Los pequeños y medianos comerciantes señalan que la Ley de Etiquetado de Alimentos, junto con no distinguir los distintos tipos de productores, se verán afectados en dos puntos claves: su inventario y envasado y en las posibles barreras que podrían ponerle los supermercados al no tener los respectivos distintivos en los productos.
 
Cabe señalar que frente a esta discusión, el Ministerio de Salud aseguró que las pymes tendrán un plazo mayor para cumplir con la normativa, extendiéndose hasta 36 meses más, lo que igualmente genera dudas.
 
“Una persona irá al supermercado a buscar un producto y se va a encontrar uno con las etiquetas y otro sin los rótulos, lo que provocará una confusión. Ya se está hablando de algunos supermercados que van a exigir, al margen de la norma, que todos sus productores les entreguen los productos con el etiquetado, independiente de si es pyme o no”, señala el mismo Farías.
 
Asimismo, es aún confusa lo que pasará con los llamados productos a “granel”, es decir, aquellos que nos son envasados y que no están obligados a presentar etiquetado nutricional. En la secretaría de Estado dicen que esta es una meta de mediano plazo que debe ser evaluada para ver de qué manera podría informarse sobre su contenido nutricional.

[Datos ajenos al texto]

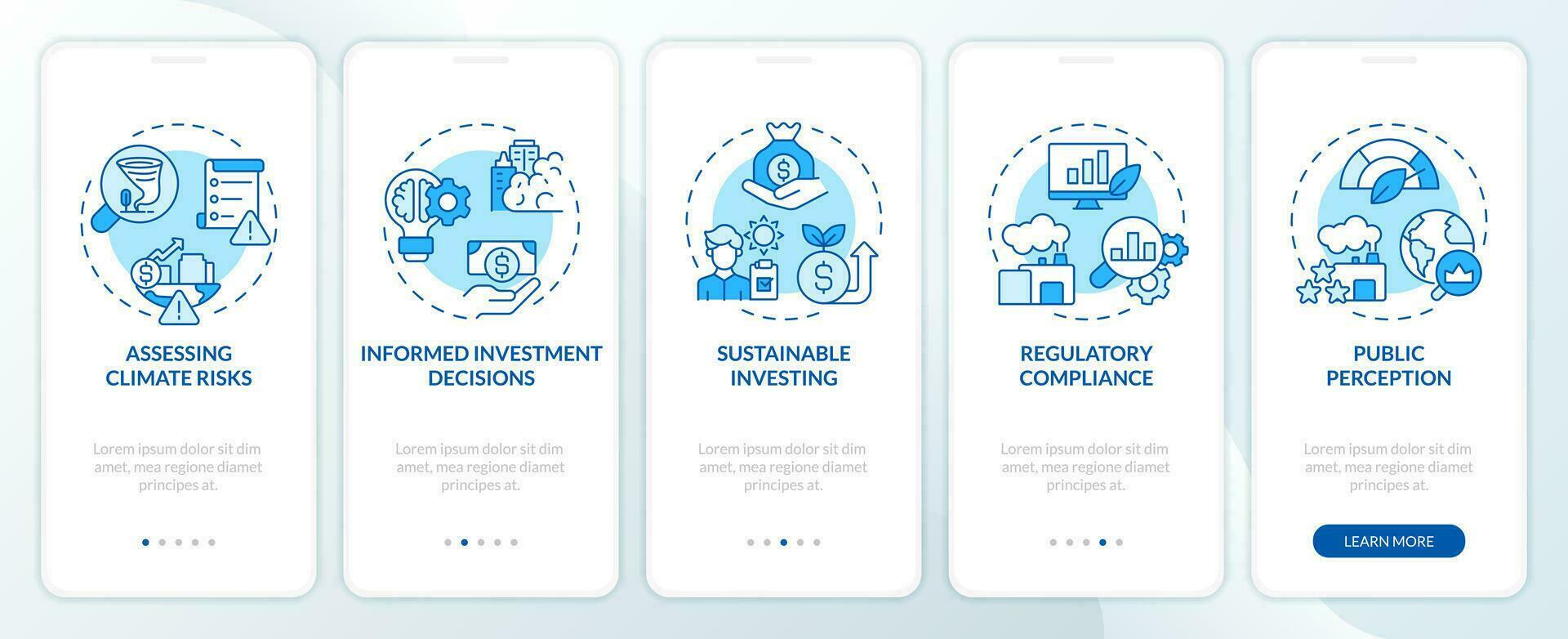 2D icons representing climate metrics mobile app screen set. Walkthrough 5 steps blue graphic instructions with linear icons concept, UI, UX, GUI template. Pro Vector
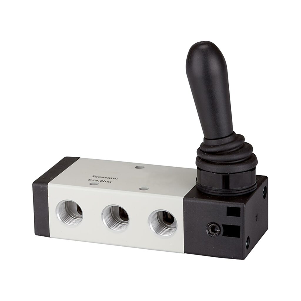5/3-Wegeventil, Handhebelbetätigung »4H«, Mittelstel. geschl., rastend, G 1/8, Betriebsdr. 0-10bar, Temp. -20°C bis 70°C, 750l/min.

Las medidas para colegios y publicidad

El Ministerio de Salud ha explicado que con la nueva normativa, no se pueden vender, publicitar o regalar en los kioscos escolares o cualquier lugar de las escuelas de educación parvularia, básica y media, los alimentos que superen los límites establecidos por la autoridad para calorías, azúcares, grasas saturadas y sodio, sean estos envasados o no.
 
Lo que se busca —explican— es incentivar el consumo de alimentos más frescos, naturales y saludables, como por ejemplo, huevos duros, frutas, verduras, lácteos, cereales y otros sin sello o que no superen los límites establecidos por el MINSAL.
 
En el ámbito de la publicidad, en tanto, el principal foco son los menores de 14 años. En este caso, la nueva normativa apunta al empleo de personajes y figuras infantiles, animaciones, dibujos animados, juguetes, música infantil, o personas o animales que atraigan el interés de este grupo etario; o si contiene declaraciones o argumentos fantásticos acerca del producto o sus efectos, voces infantiles, lenguaje o expresiones propias de niños, o situaciones que representen su vida cotidiana, como la escuela, el recreo o los juegos infantiles.